We, as Americans, care about others. We have a well-trained and compassionate military which is a force to be dealt with. But our military doesn’t come equipped to deal with cultures different than our own.

As an Air Force Veteran, the training I received didn’t include learning how to deal with or understand the difference in cultures between nations. We were told to respect the laws and the citizens of the nation where we were stationed, but we received no real training in understanding the differences between the U.S. and the nation in which we were serving.

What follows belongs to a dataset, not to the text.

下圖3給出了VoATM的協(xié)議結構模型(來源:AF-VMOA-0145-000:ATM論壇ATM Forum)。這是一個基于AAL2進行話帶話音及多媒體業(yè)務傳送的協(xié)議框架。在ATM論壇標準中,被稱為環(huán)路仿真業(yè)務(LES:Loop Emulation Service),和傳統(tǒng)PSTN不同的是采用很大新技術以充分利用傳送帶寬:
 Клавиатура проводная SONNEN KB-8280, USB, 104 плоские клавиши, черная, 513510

As a nation and as a people, we have a long history of rights and freedoms that other countries and other nations have no concept of. And we can’t expect our military to impart our values to others who have no concept of what the word freedom means.

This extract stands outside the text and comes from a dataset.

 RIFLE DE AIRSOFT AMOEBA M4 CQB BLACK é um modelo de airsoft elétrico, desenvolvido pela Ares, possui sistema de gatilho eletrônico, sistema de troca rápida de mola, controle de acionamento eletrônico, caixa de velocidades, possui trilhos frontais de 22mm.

Many nations don’t even have a word that comports with freedom. It’s often not a part of their vocabulary. You can’t expect men and women who are trained to protect and defend our freedoms to be able to impart to others what we know to be right and true. Especially when those people and those nations have no real concept of what we, as Americans, have long taken for granted.

Afghanistan was lost not by our military. It was lost despite what our men and women were capable of doing and what they did. They did their jobs and left to the politicians to do theirs. The failure was not in the doing, it was in the lack of understanding of the culture of others and how they see themselves and how they understand the world from their own perspective.

You can’t teach freedom and understanding at the point of a gun. In the end, it came down to teaching the Afghans what freedom is all about and we failed miserably at that. We couldn’t instill in them the same feelings that we have for our country.

Our men and women who serve in our armed forces performed well and deserve no criticism. They should be commended for a job well done. They served well and with distinction but that wasn’t enough to change the inevitable outcome.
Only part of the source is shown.